Mehr Polizeipräsenz im öffentlichen Raum

Polizei
Ein Mann hat eine Frau und ihren Sohn auf die Bahngleise gestoßen. Der 8-jährige Junge wurde von einem ICE getötet. Die Attacke am Frankfurter Hauptbahnhof hat eine Debatte über die innere Sicherheit ausgelöst. Bundesinnenminister Horst Seehofer sprach sich auf einer Pressekonferenz am Dienstag für mehr Polizei im öffentlichen Raum aus. „Die Forderung des Ministers teilen wir“, stimmte FDP-Chef Christian Lindner zu. Es sei auch „richtig, dass der Innenminister mit den Sicherheitsbehörden berät, welche Konsequenzen nun nötig sind“. Das furchtbare Verbrechen in Frankfurt „schockiert uns alle.

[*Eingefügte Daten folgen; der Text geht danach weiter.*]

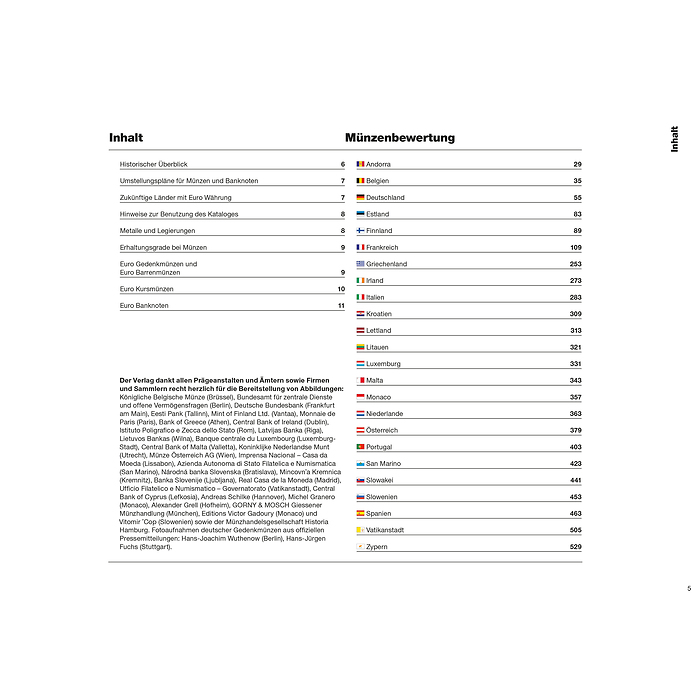 Dieser Katalog bietet eine detaillierte Darstellung aller Banknoten und offiziellen Kursmünzensätze seit der Einführung des Euro in den verschiedenen Ländern. Darüber hinaus finden Sie eine umfassende Zusammenfassung sämtlicher europäischer 2-Euro-Gedenkmünzen sowie eine detaillierte Erfassung der Euro-Banknoten.

Wir sind in Gedanken bei der Familie“, so Lindner.

Nach der Tat von Frankfurt müsse der Rechtsstaat nun „sehr schnell Handlungsfähigkeit zeigen mit einem zügigen Verfahren unter Nutzung aller Möglichkeiten“, sagte FDP-Generalsekretärin Linda Teuteberg. Schonungslose Aufklärung und konsequente Bestrafung würden regelmäßig versprochen, die Verfahren dauerten dennoch meist viel zu lang. hier herrsche rascher Handlungsbedarf. Polizei und Justiz müssten über den konkreten Fall hinaus „bessere Mittel für mehr Sicherheit im öffentlichen Raum und zügige Verfahrensbearbeitung an die Hand gegeben werden“, so Teuteberg.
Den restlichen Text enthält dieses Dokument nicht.